[PROBLEM DETAILS]
In the records below, find the line containing "Das Doppelreck ist" and the line containing "- [ツール] メニューの [アドイン(I)] をクリック". Give again exactly those lines and every line between them, omitting the pictures.

[RECORDS TO PROCESS]
========================================================================

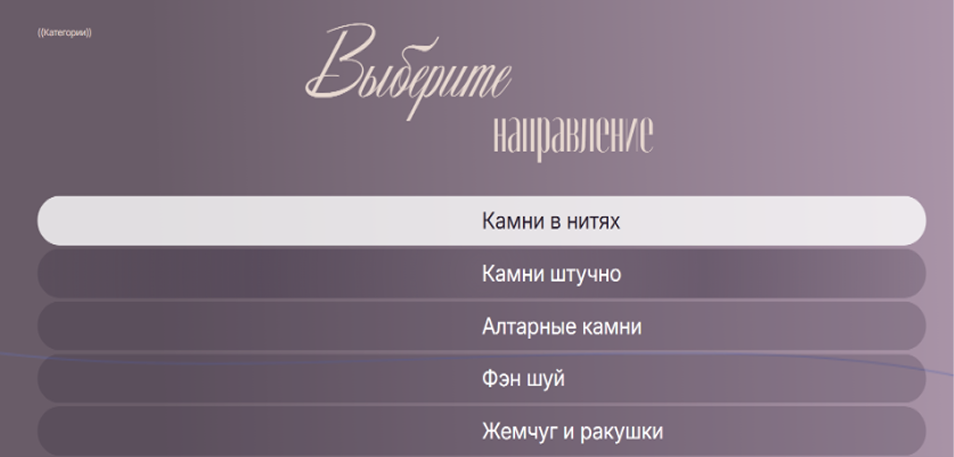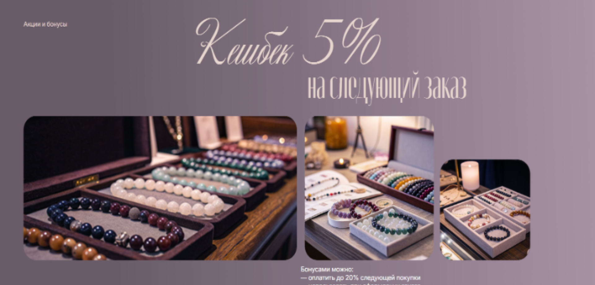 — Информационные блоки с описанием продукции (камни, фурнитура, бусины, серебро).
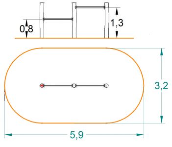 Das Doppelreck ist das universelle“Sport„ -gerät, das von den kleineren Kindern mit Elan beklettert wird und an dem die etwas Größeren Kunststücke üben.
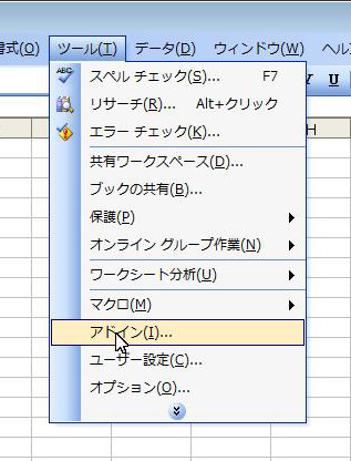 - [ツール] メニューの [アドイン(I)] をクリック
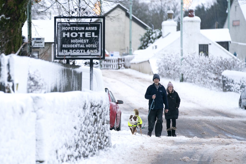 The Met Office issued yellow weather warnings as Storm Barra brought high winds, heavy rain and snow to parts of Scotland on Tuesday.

========================================================================

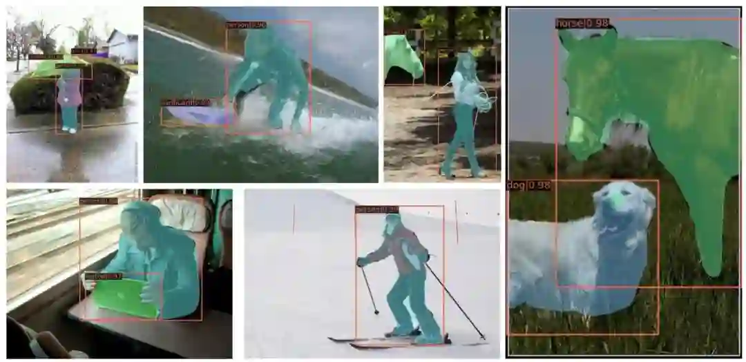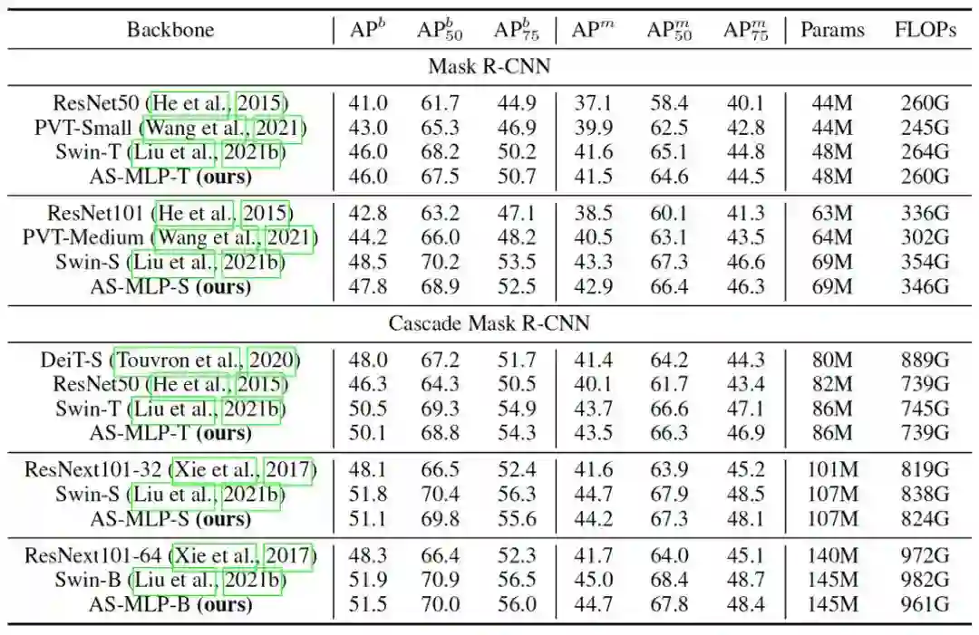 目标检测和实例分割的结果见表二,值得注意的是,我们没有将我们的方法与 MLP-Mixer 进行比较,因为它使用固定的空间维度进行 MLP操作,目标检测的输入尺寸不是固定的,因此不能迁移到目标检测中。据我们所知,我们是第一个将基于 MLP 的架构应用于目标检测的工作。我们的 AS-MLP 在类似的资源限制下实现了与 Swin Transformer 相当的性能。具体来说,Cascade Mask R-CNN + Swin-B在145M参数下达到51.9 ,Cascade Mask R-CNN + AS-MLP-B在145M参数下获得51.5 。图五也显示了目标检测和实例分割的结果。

========================================================================

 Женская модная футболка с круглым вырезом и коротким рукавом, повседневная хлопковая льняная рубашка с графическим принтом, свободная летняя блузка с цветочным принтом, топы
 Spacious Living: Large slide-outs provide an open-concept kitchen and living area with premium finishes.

========================================================================

[YOUR SOLUTION]
 Das Doppelreck ist das universelle“Sport„ -gerät, das von den kleineren Kindern mit Elan beklettert wird und an dem die etwas Größeren Kunststücke üben.
 - [ツール] メニューの [アドイン(I)] をクリック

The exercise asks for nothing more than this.